▼
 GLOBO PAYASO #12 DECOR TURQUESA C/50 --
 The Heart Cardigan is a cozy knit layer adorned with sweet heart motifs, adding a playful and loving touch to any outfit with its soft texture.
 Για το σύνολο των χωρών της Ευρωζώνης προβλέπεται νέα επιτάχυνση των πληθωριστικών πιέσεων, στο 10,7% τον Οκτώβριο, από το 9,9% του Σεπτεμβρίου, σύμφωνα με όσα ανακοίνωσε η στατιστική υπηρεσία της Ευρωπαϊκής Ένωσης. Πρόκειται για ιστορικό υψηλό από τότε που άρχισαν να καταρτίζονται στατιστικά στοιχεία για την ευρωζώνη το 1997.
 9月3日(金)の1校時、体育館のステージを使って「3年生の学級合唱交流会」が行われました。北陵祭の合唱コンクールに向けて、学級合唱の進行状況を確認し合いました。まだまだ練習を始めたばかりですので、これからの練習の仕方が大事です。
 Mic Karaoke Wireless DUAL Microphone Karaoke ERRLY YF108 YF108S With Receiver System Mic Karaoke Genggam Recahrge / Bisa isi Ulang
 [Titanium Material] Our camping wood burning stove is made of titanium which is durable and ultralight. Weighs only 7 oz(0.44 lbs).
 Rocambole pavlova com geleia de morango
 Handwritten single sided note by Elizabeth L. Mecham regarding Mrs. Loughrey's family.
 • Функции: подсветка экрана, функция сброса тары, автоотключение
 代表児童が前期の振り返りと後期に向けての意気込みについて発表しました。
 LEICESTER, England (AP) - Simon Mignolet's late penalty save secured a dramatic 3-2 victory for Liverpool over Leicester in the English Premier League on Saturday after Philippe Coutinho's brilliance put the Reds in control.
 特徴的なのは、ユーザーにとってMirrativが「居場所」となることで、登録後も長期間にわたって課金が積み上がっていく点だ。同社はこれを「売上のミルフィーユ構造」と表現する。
▲
▼
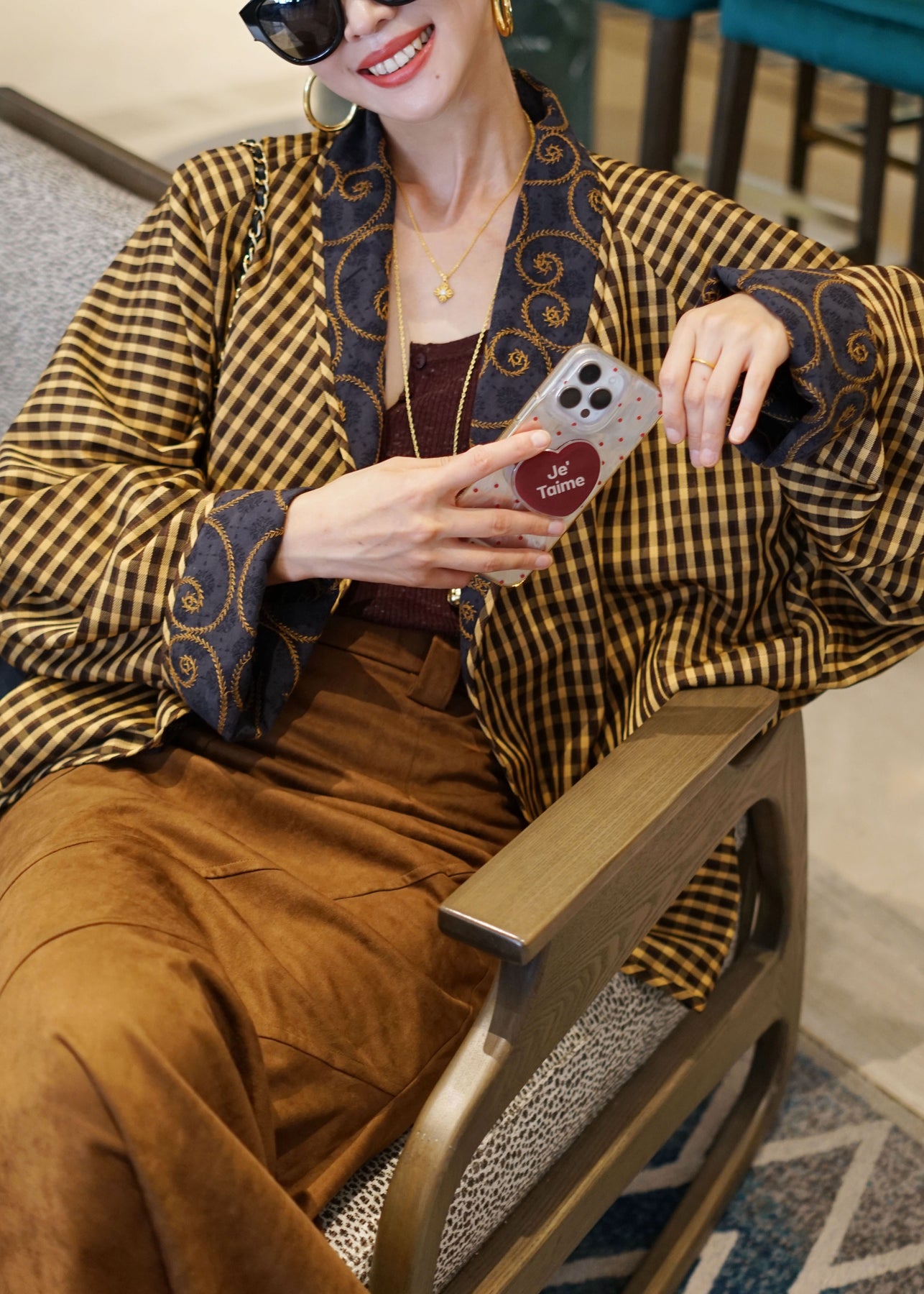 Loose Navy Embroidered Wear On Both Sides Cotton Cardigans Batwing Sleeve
▲
» **EXERCISE BRIEF**
In the listing above, find the line with "GLOBO PAYASO #12" and the line with "The Heart Cardigan", then print exactly those two lines and every line between them, and nothing more.

» **RESULT OF THE TASK**
 GLOBO PAYASO #12 DECOR TURQUESA C/50 --
 The Heart Cardigan is a cozy knit layer adorned with sweet heart motifs, adding a playful and loving touch to any outfit with its soft texture.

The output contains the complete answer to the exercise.